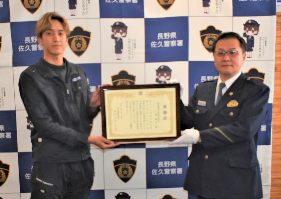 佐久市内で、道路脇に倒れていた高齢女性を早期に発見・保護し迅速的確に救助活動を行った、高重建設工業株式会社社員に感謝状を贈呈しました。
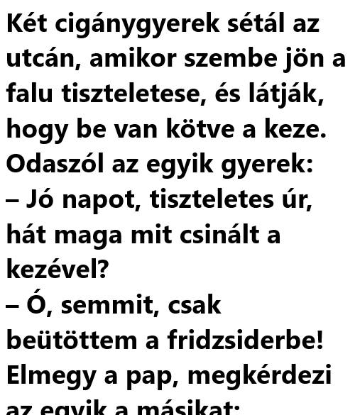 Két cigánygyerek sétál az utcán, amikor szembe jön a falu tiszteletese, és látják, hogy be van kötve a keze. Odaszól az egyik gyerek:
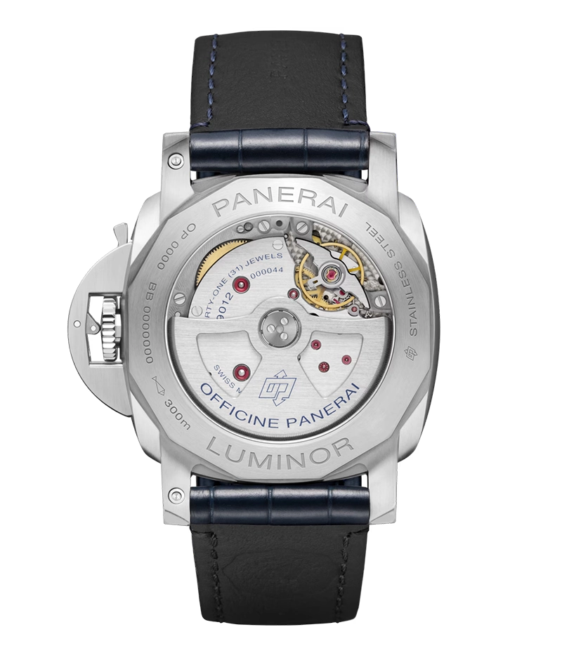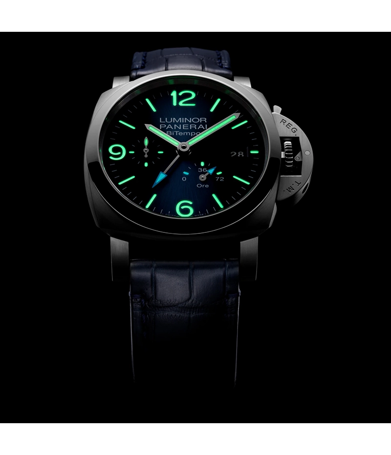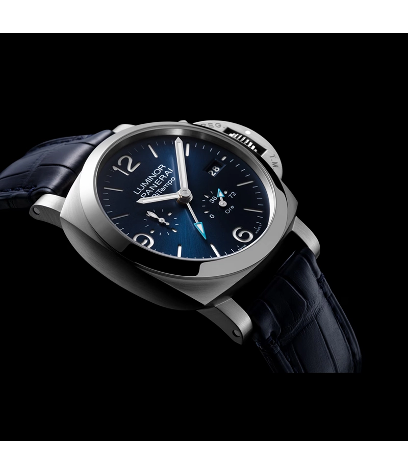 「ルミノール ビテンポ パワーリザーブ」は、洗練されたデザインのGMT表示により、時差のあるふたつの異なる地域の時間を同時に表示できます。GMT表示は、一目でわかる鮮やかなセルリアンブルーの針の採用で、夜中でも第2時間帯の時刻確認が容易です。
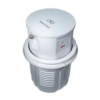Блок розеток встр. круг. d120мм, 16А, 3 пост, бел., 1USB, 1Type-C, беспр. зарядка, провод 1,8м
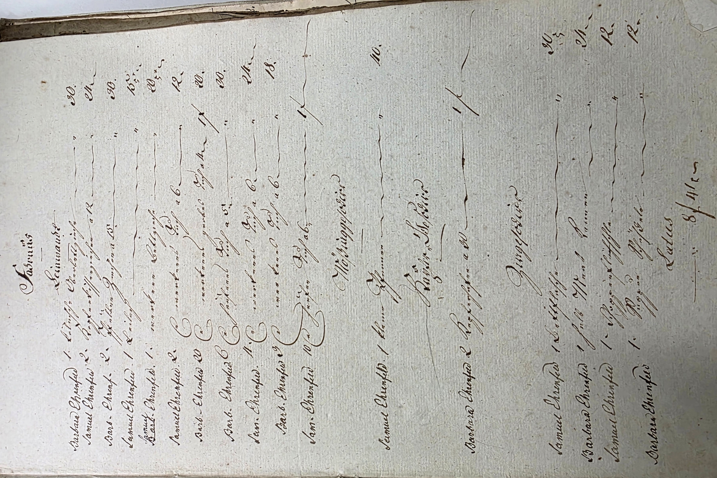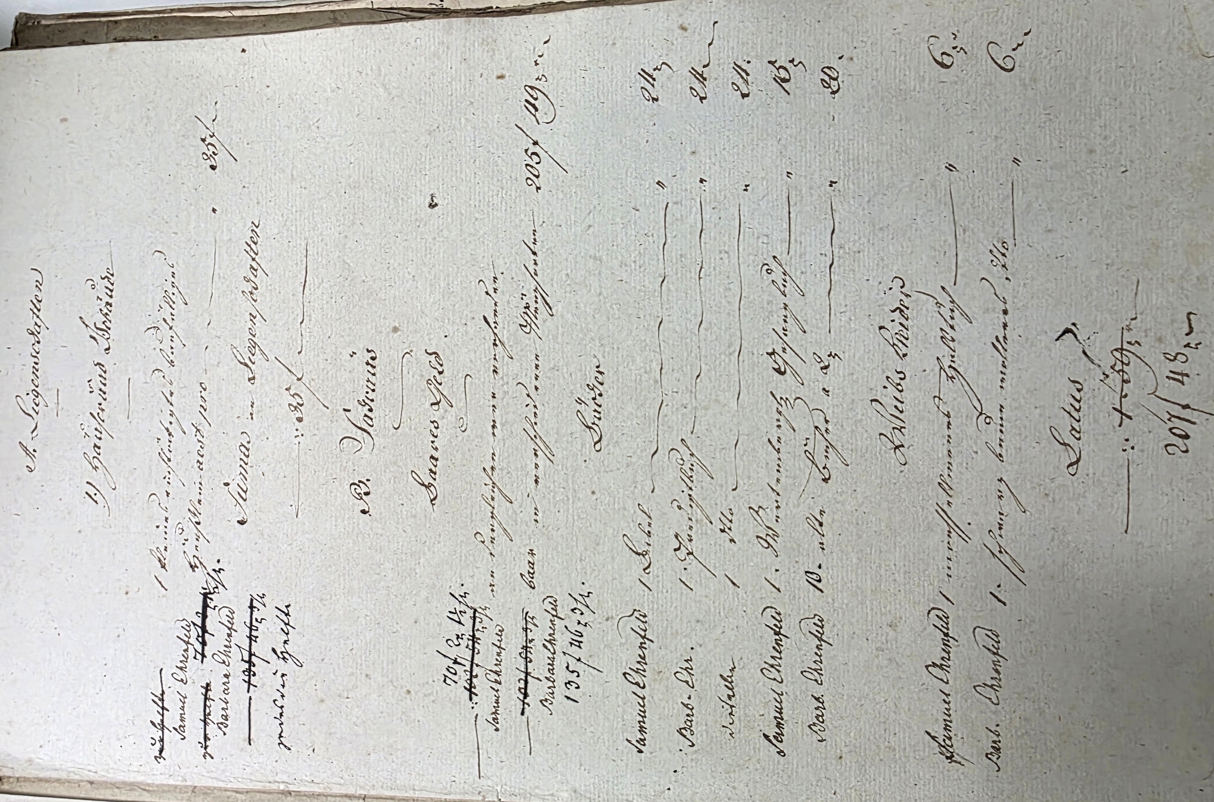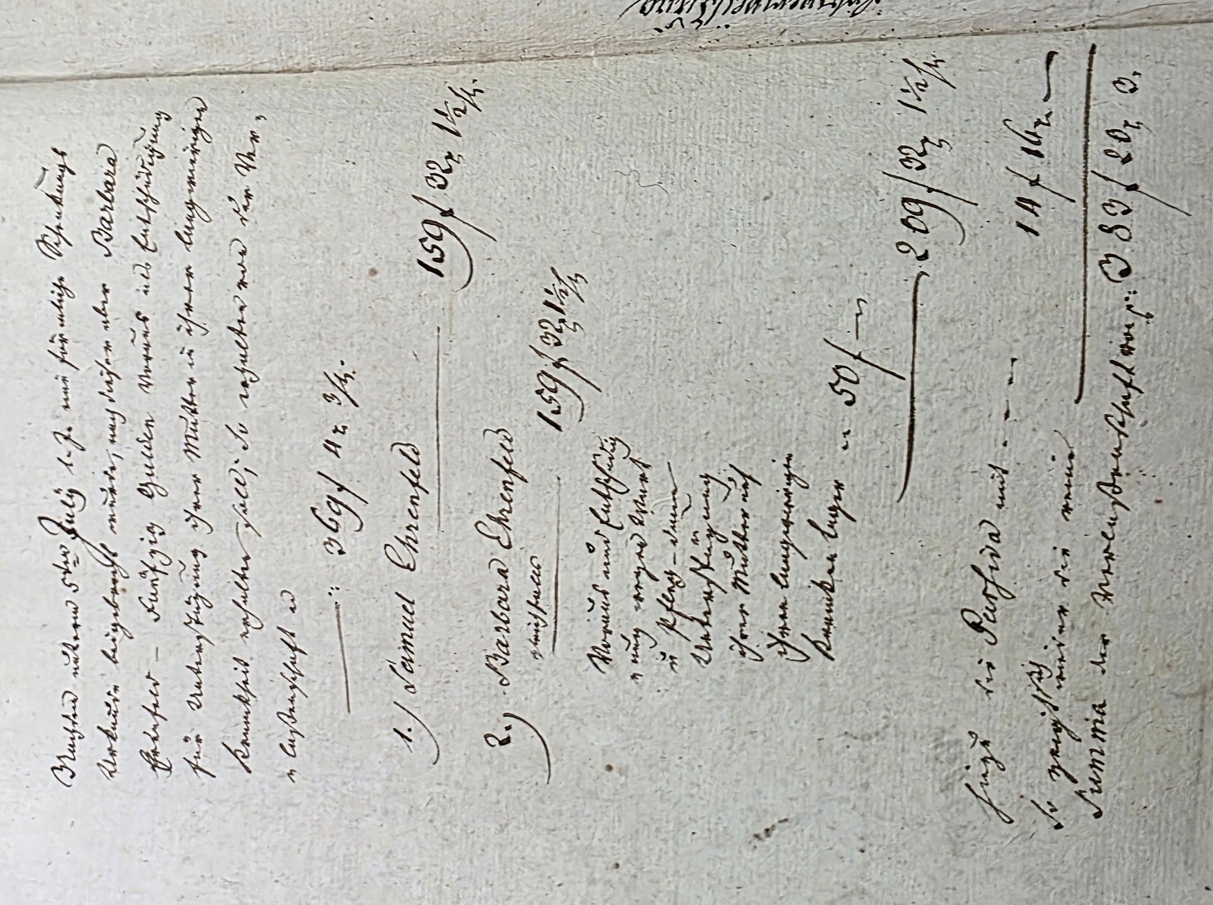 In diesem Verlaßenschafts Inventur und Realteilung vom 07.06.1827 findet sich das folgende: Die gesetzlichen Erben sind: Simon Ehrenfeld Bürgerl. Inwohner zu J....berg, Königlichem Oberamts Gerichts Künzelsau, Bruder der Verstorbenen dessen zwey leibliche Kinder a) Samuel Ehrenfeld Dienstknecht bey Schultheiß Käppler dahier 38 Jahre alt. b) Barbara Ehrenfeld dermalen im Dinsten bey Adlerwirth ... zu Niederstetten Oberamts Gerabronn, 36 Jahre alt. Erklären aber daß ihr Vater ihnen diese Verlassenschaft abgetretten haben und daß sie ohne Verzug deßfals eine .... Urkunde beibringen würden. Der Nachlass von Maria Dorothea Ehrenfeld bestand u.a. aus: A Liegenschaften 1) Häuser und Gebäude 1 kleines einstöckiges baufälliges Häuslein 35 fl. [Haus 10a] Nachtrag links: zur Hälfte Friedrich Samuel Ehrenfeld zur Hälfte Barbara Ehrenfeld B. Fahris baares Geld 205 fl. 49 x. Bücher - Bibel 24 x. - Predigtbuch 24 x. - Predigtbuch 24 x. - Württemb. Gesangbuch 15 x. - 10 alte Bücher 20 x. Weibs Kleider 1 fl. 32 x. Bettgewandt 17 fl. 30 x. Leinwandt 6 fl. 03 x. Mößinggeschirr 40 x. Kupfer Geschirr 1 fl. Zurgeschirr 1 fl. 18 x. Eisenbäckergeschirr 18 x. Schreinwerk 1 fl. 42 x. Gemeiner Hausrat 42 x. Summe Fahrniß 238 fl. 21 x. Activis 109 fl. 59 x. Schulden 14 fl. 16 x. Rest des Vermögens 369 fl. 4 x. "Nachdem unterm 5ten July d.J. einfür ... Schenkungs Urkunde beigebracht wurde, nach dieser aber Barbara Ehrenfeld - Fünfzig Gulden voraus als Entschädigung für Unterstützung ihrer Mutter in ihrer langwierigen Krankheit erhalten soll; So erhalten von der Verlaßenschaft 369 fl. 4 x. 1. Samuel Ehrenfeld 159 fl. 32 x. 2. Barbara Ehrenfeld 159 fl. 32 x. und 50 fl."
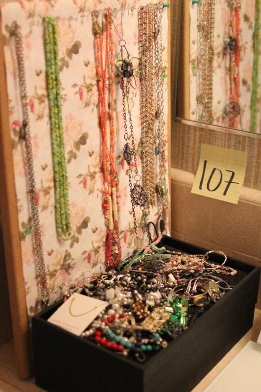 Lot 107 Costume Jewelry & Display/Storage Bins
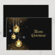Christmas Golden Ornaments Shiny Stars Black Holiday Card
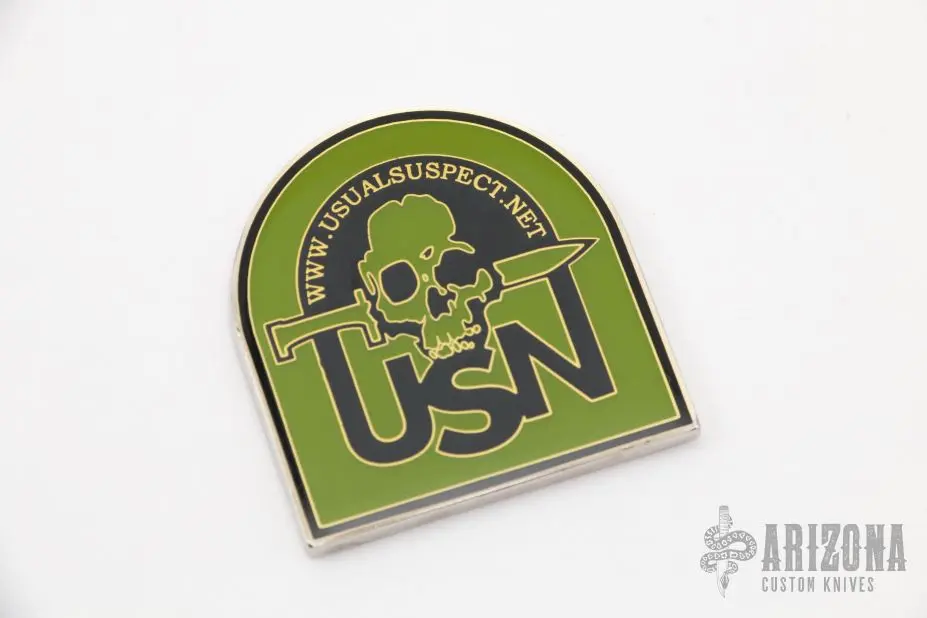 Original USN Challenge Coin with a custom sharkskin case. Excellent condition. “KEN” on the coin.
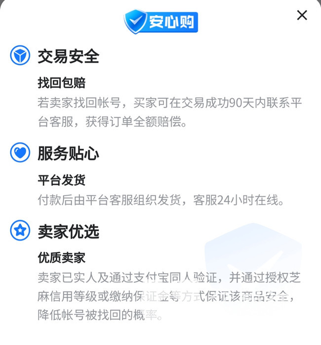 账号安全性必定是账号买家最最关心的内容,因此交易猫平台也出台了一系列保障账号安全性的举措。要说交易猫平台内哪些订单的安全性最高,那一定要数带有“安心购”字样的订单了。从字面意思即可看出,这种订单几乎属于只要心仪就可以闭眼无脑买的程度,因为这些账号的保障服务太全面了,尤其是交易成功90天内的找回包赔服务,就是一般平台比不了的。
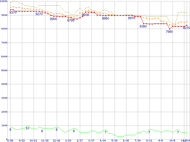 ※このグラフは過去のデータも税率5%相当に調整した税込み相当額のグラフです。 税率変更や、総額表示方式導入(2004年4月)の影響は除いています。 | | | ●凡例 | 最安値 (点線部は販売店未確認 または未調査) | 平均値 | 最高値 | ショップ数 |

=-=-=

TASK TO CARRY OUT
Write out, exactly, the lines of the material from the very first through the line containing "Блок розеток встр.", and leave out every picture.

RESULT OF THE EXERCISE
 佐久市内で、道路脇に倒れていた高齢女性を早期に発見・保護し迅速的確に救助活動を行った、高重建設工業株式会社社員に感謝状を贈呈しました。
 Két cigánygyerek sétál az utcán, amikor szembe jön a falu tiszteletese, és látják, hogy be van kötve a keze. Odaszól az egyik gyerek:
 「ルミノール ビテンポ パワーリザーブ」は、洗練されたデザインのGMT表示により、時差のあるふたつの異なる地域の時間を同時に表示できます。GMT表示は、一目でわかる鮮やかなセルリアンブルーの針の採用で、夜中でも第2時間帯の時刻確認が容易です。
Блок розеток встр. круг. d120мм, 16А, 3 пост, бел., 1USB, 1Type-C, беспр. зарядка, провод 1,8м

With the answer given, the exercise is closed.